* **Data shown**
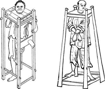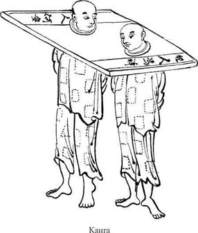 Канга, или деревянный ошейник (шейная колодка), – другой способ наказания за мелкие правонарушения. Канги бывают разными по весу, некоторые из них очень тяжелы. Преступников приговаривают к ношению ее на срок от двух недель до трех месяцев. На протяжении всего этого времени кангу не снимают с шеи узника ни днем ни ночью. Ее форма не позволяет человеку ни прислониться к стене, ни растянуться на земле во весь рост, и, судя по изможденной внешности узников подвергшихся этому наказанию, оно достаточно сурово. Имя узника и характер его преступления большими иероглифами написаны на канге в назидательных целях.
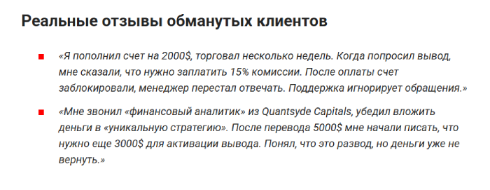 Отзывы о Quantsyde Capitals в интернете оставляют негативные, что еще раз подтверждает истинные мошеннические намеренья компании и ее желание присвоить чужие средства. Таких мошенников с каждым днем появляется все больше и, они активно занимаются обманом, так что трейдерам стоит стать максимально осторожными и внимательными.
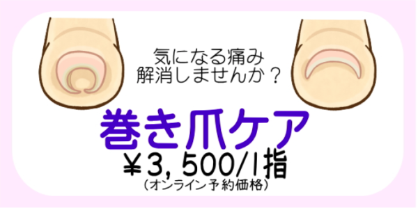 「巻き爪ケアコース」のご案内をしております
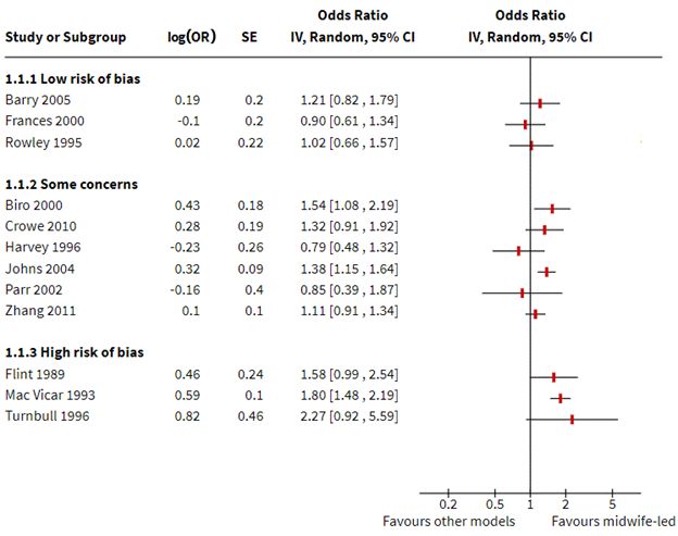 ‘There was strong evidence of benefit of midwife-led models of care in at least one study (P < 0.001, 13 studies). However, a sensitivity analysis restricted to studies with an overall low risk of bias suggested there was no effect of midwife-led models of care in any of the trials (P = 0.314, 3 studies). Estimated standardized mean differences for five of the outcomes were small (ranging from –0.13 to 0.45) (Figure 12.4.a, Panel C).’

* **Aim of the task**
Copy the data above line for line, skipping every picture.

* **Task response**
 Канга, или деревянный ошейник (шейная колодка), – другой способ наказания за мелкие правонарушения. Канги бывают разными по весу, некоторые из них очень тяжелы. Преступников приговаривают к ношению ее на срок от двух недель до трех месяцев. На протяжении всего этого времени кангу не снимают с шеи узника ни днем ни ночью. Ее форма не позволяет человеку ни прислониться к стене, ни растянуться на земле во весь рост, и, судя по изможденной внешности узников подвергшихся этому наказанию, оно достаточно сурово. Имя узника и характер его преступления большими иероглифами написаны на канге в назидательных целях.
 Отзывы о Quantsyde Capitals в интернете оставляют негативные, что еще раз подтверждает истинные мошеннические намеренья компании и ее желание присвоить чужие средства. Таких мошенников с каждым днем появляется все больше и, они активно занимаются обманом, так что трейдерам стоит стать максимально осторожными и внимательными.
 「巻き爪ケアコース」のご案内をしております
 ‘There was strong evidence of benefit of midwife-led models of care in at least one study (P < 0.001, 13 studies). However, a sensitivity analysis restricted to studies with an overall low risk of bias suggested there was no effect of midwife-led models of care in any of the trials (P = 0.314, 3 studies). Estimated standardized mean differences for five of the outcomes were small (ranging from –0.13 to 0.45) (Figure 12.4.a, Panel C).’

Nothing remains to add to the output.